Study finds that we could lose science if publishers go bankrupt

  News
image_pdfimage_print
A set of library shelves with lots of volumes stacked on them.

Back when scientific publications came in paper form, libraries played a key role in ensuring that knowledge didn’t disappear. Copies went out to so many libraries that any failure—a publisher going bankrupt, a library getting closed—wouldn’t put us at risk of losing information. But, as with anything else, scientific content has gone digital, which has changed what’s involved with preservation.

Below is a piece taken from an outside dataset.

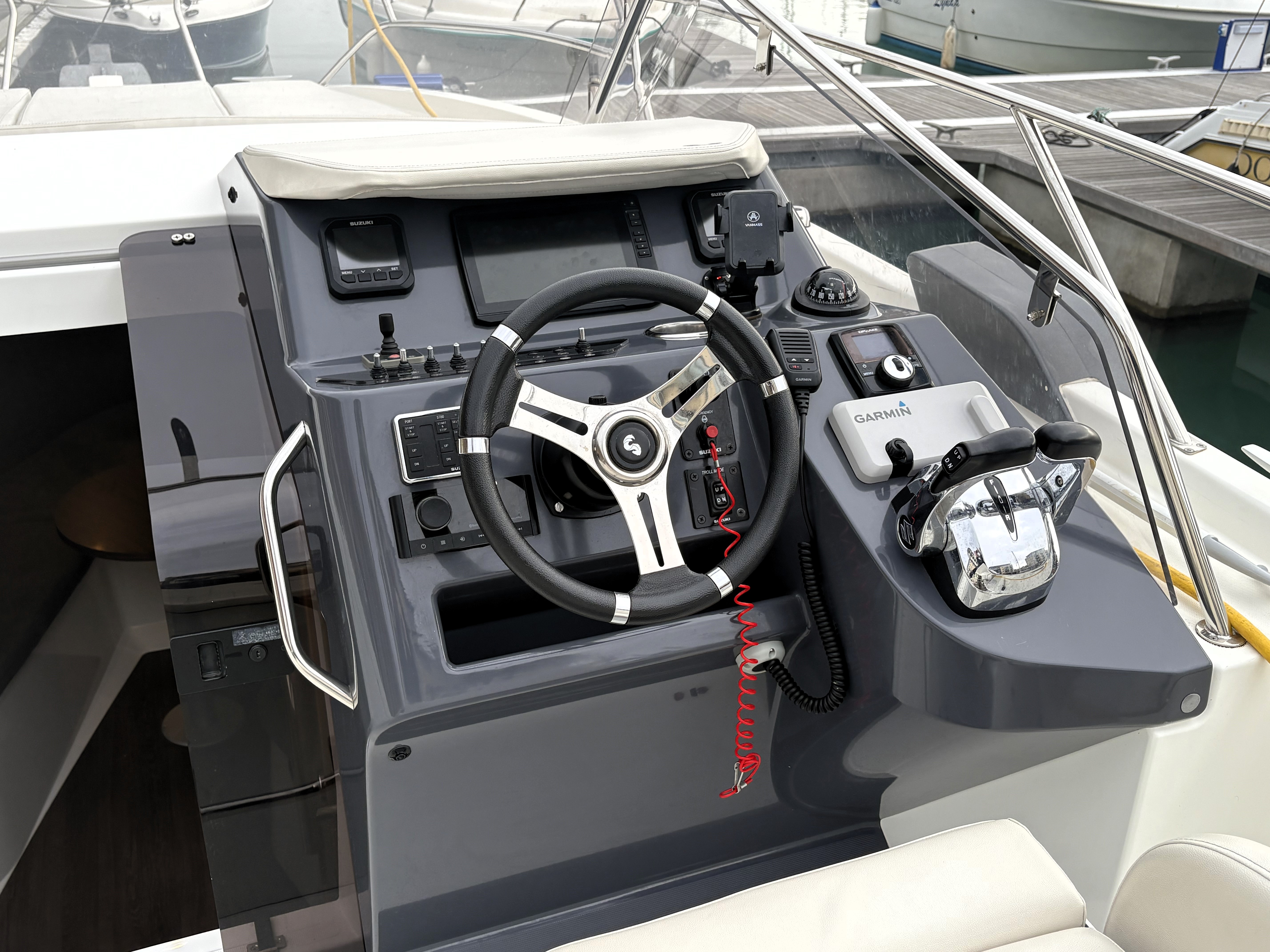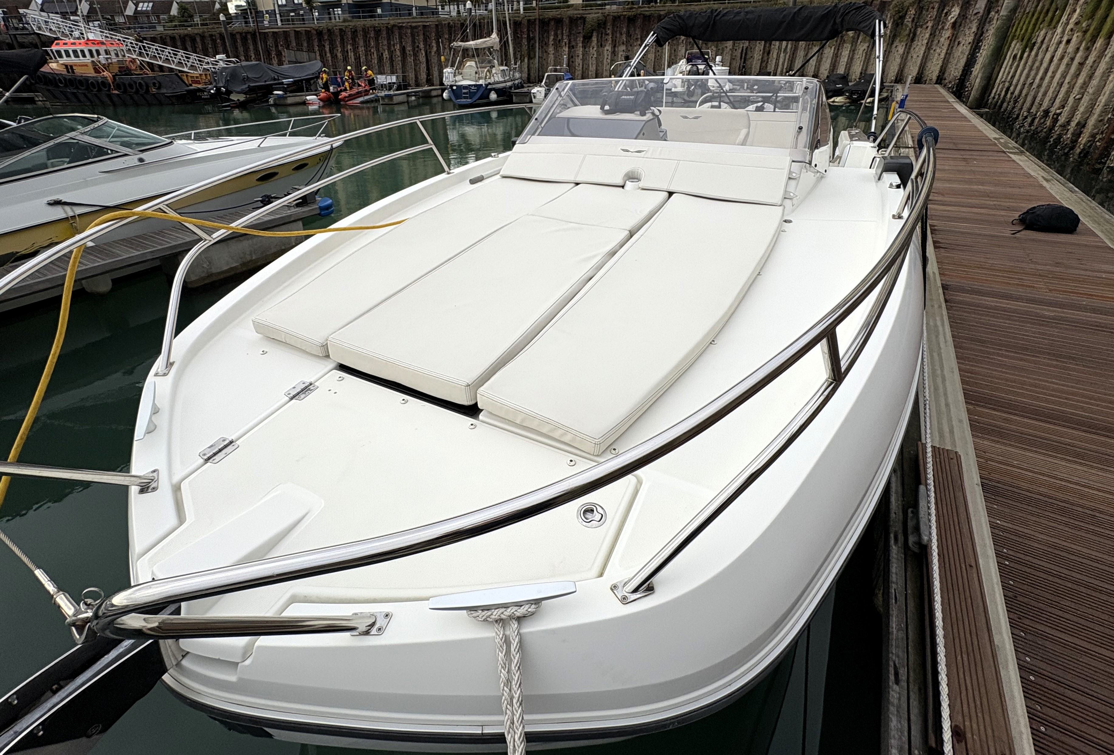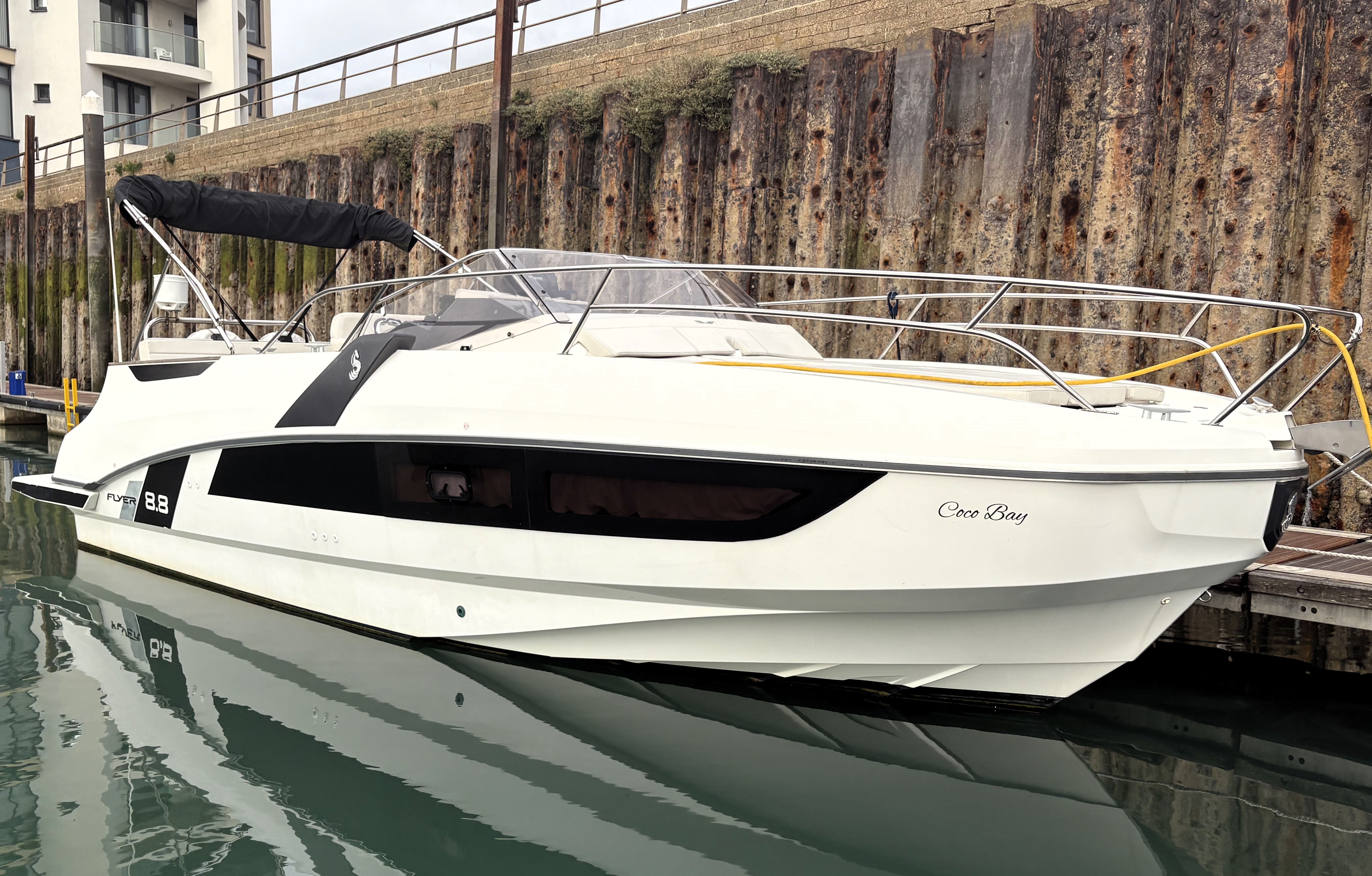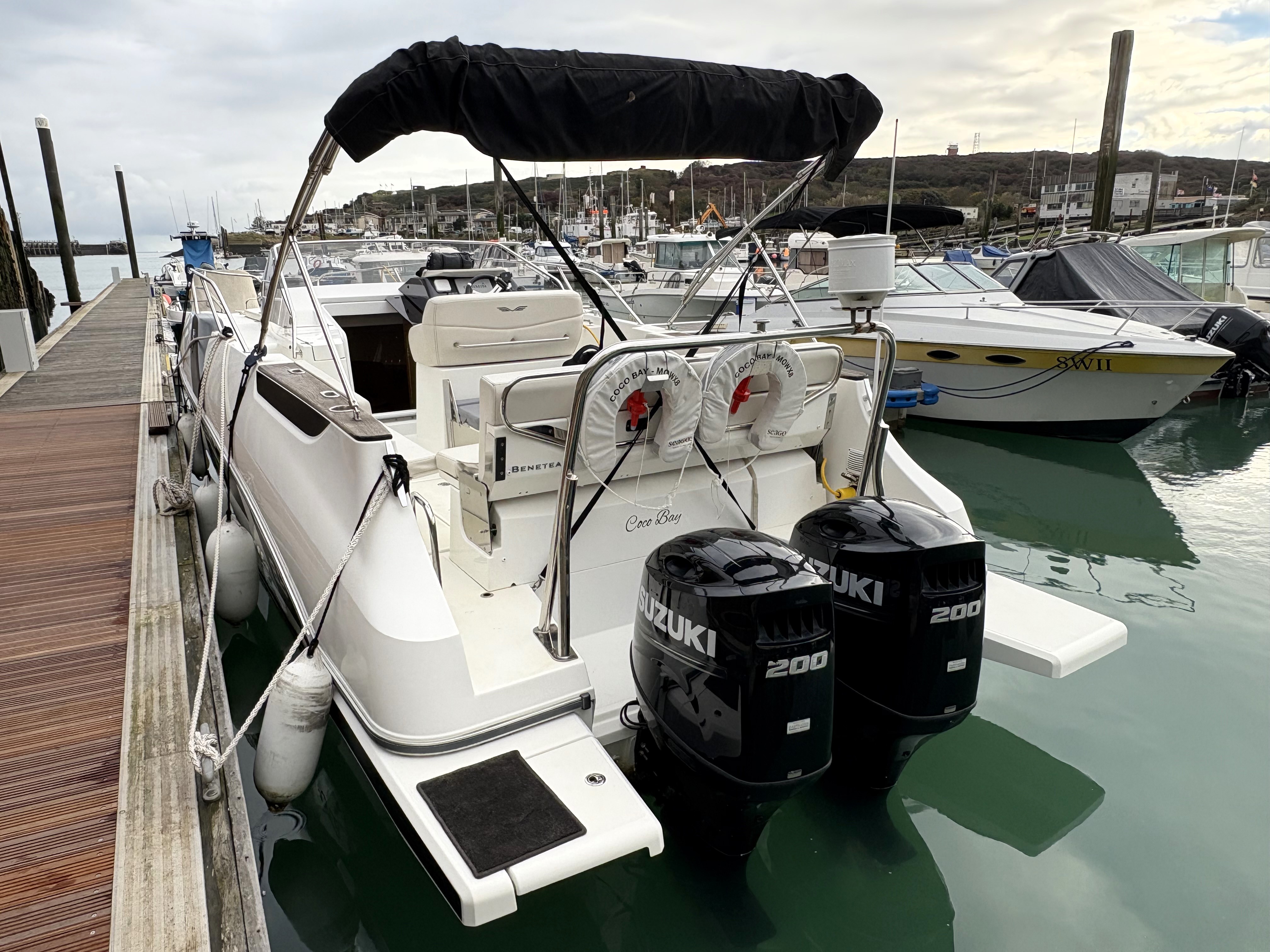 2020 Beneteau Flyer 8.8 Sundeck. Large open dayboat with the benefit of accommodation for 4 adults. Comfort trim level which includes Zipwake automatic trim system, Bow Thruster, electric windlass and water heater. Upgraded electronics and external upholstery, aft and forward sun awnings and powered by twin Suzuki DF200 outboard engines with low hours. Fast, fun and friendly option for a family or couple. Fully Equipped for Coding.

Organizations have devised systems that should provide options for preserving digital material. But, according to a recently published survey, lots of digital documents aren’t consistently showing up in the archives that are meant to preserve it. And that puts us at risk of losing academic research—including science paid for with taxpayer money.

Tracking down references

The work was done by Martin Eve, a developer at Crossref. That’s the organization that organizes the DOI system, which provides a permanent pointer toward digital documents, including almost every scientific publication. If updates are done properly, a DOI will always resolve to a document, even if that document gets shifted to a new URL.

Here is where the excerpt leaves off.